# Exercise:
Exact reproduction of every record is required, and pictures are to be excluded.

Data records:
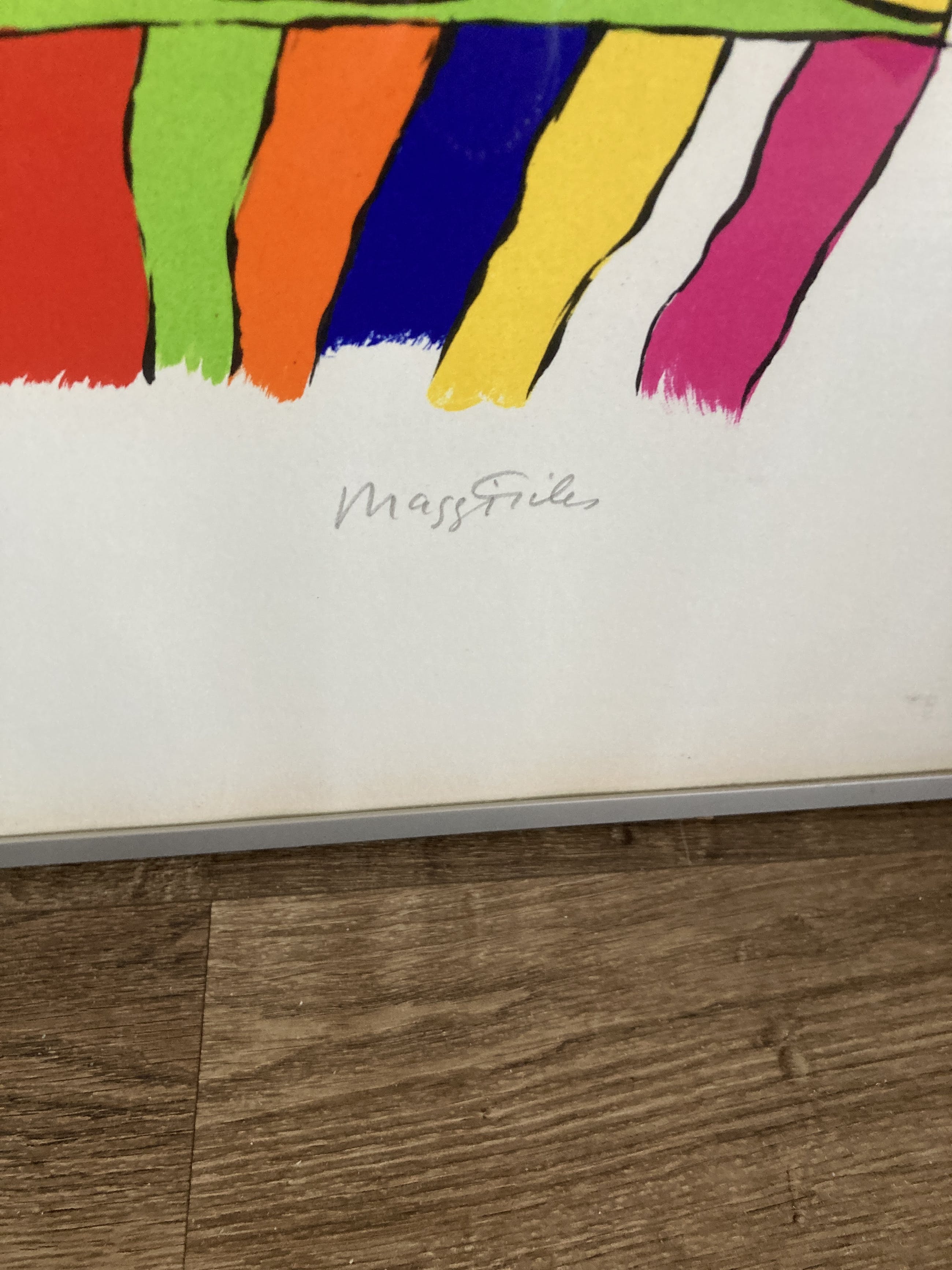 Vrolijke en kleurrijke litho in een Barth lijst. Met l.o.137/300 Kees op stap 1990 met potlood en r.o.Maggi Giles met potlood.
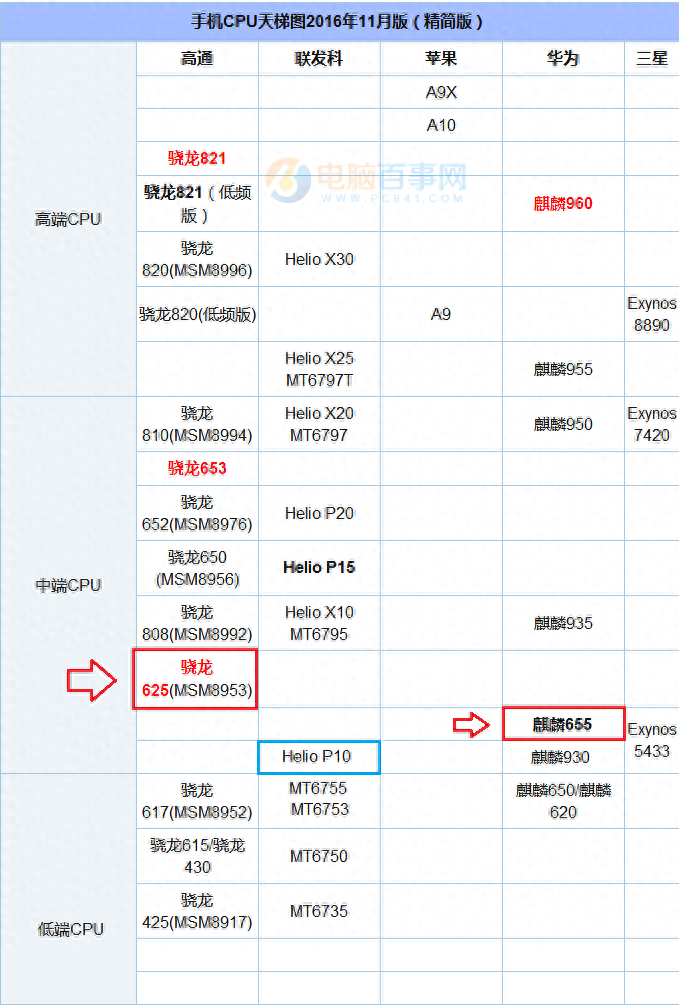 文章最后来看看骁龙625和麒麟655在最新的手机CPU天梯图中的位置,如下图标注所示。
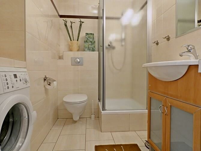 Łazienka: prysznic, pralka, WC, umywalka.
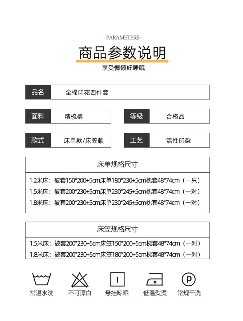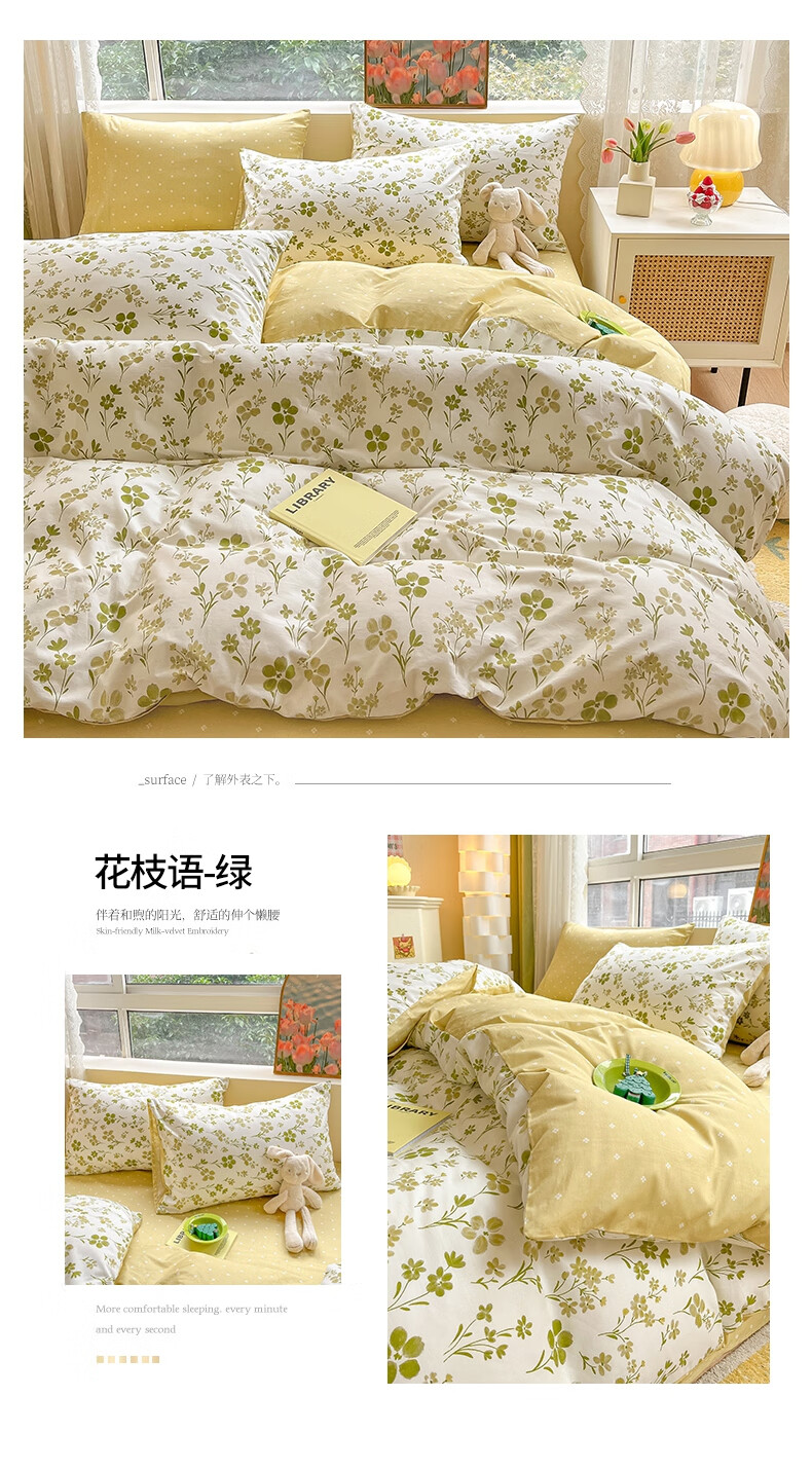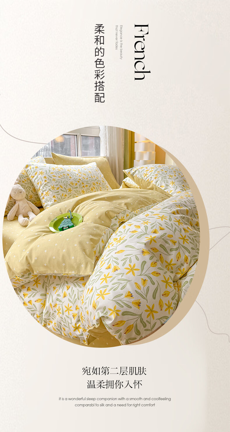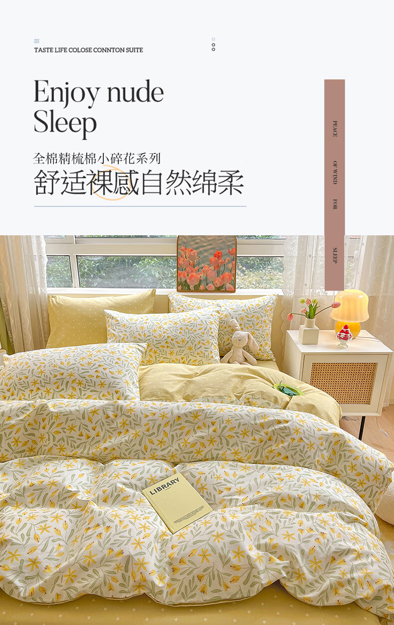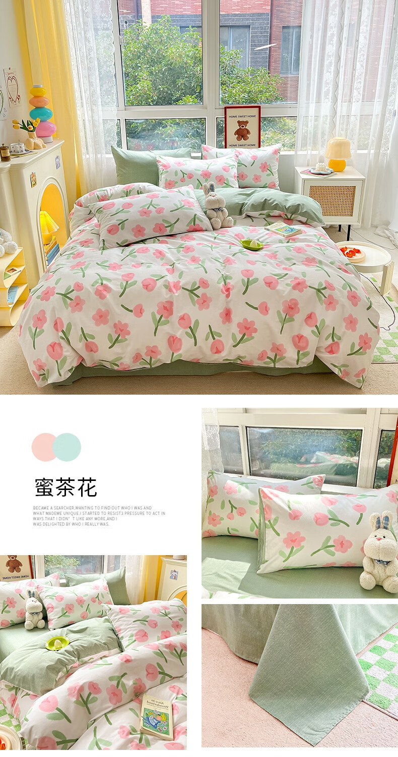 Mercury Series Home Textiles 100 Pure Cotton Four-piece Set 180 Count Xinjiang Combed Cotton Floral Bedroom Sheet Quilt Cover Sheet Fitted Style Bed Use 1.8m Sheet Style Four-piece Set
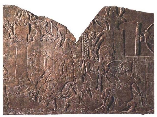 后来,这种纪念碑就发展为国王征战的完整编年史画了。现存最为完好的作品还是出自较后的年代,即在亚述王阿苏尔纳齐拉普利二世(King Asurnasirpal II)统治时期,他是公元前9世纪的人,比《圣经》上的所罗门王稍晚。这些浮雕现藏大英博物馆。我们可以在那里看到一个布置周密的战役的全部细节,我们看到军队正在渡河和正在攻击要塞(图45),还有他们的营盘和他们的膳食。那些场面的表现方式跟埃及人的方法很相近,但也许不那么整齐,不那么刻板。人们观赏时,觉得仿佛是在观看2000年前的一部新闻记录片,一切都是那么真实、那么可信。然而我们看得更仔细些,就会发现一件怪事:在那些恐怖的战争中,到处都是死伤人员,其中却没有一个是亚述人。在那些早期年代里,鼓吹和宣传的艺术竟已相当先进了。但是我们对于那些亚述人不妨稍微宽容一些,也许本书中屡有所见的那种古老的迷信思想还在他们的头脑里作祟,使他们相信,一幅画不仅仅是一幅画,还有某种超乎图画本身的东西。可能就是由于这种缘故,他们不肯描绘受伤的亚述人。无论情况如何,当时兴起的那种传统持续了很长时间。在那些赞美昔日军事领袖的纪念碑上,打仗简直轻而易举:只要你一露面,敌人就像稻草、麸皮一样迎风溃散。

# Task answer:
 Vrolijke en kleurrijke litho in een Barth lijst. Met l.o.137/300 Kees op stap 1990 met potlood en r.o.Maggi Giles met potlood.
 文章最后来看看骁龙625和麒麟655在最新的手机CPU天梯图中的位置,如下图标注所示。
 Łazienka: prysznic, pralka, WC, umywalka.
 Mercury Series Home Textiles 100 Pure Cotton Four-piece Set 180 Count Xinjiang Combed Cotton Floral Bedroom Sheet Quilt Cover Sheet Fitted Style Bed Use 1.8m Sheet Style Four-piece Set
 后来,这种纪念碑就发展为国王征战的完整编年史画了。现存最为完好的作品还是出自较后的年代,即在亚述王阿苏尔纳齐拉普利二世(King Asurnasirpal II)统治时期,他是公元前9世纪的人,比《圣经》上的所罗门王稍晚。这些浮雕现藏大英博物馆。我们可以在那里看到一个布置周密的战役的全部细节,我们看到军队正在渡河和正在攻击要塞(图45),还有他们的营盘和他们的膳食。那些场面的表现方式跟埃及人的方法很相近,但也许不那么整齐,不那么刻板。人们观赏时,觉得仿佛是在观看2000年前的一部新闻记录片,一切都是那么真实、那么可信。然而我们看得更仔细些,就会发现一件怪事:在那些恐怖的战争中,到处都是死伤人员,其中却没有一个是亚述人。在那些早期年代里,鼓吹和宣传的艺术竟已相当先进了。但是我们对于那些亚述人不妨稍微宽容一些,也许本书中屡有所见的那种古老的迷信思想还在他们的头脑里作祟,使他们相信,一幅画不仅仅是一幅画,还有某种超乎图画本身的东西。可能就是由于这种缘故,他们不肯描绘受伤的亚述人。无论情况如何,当时兴起的那种传统持续了很长时间。在那些赞美昔日军事领袖的纪念碑上,打仗简直轻而易举:只要你一露面,敌人就像稻草、麸皮一样迎风溃散。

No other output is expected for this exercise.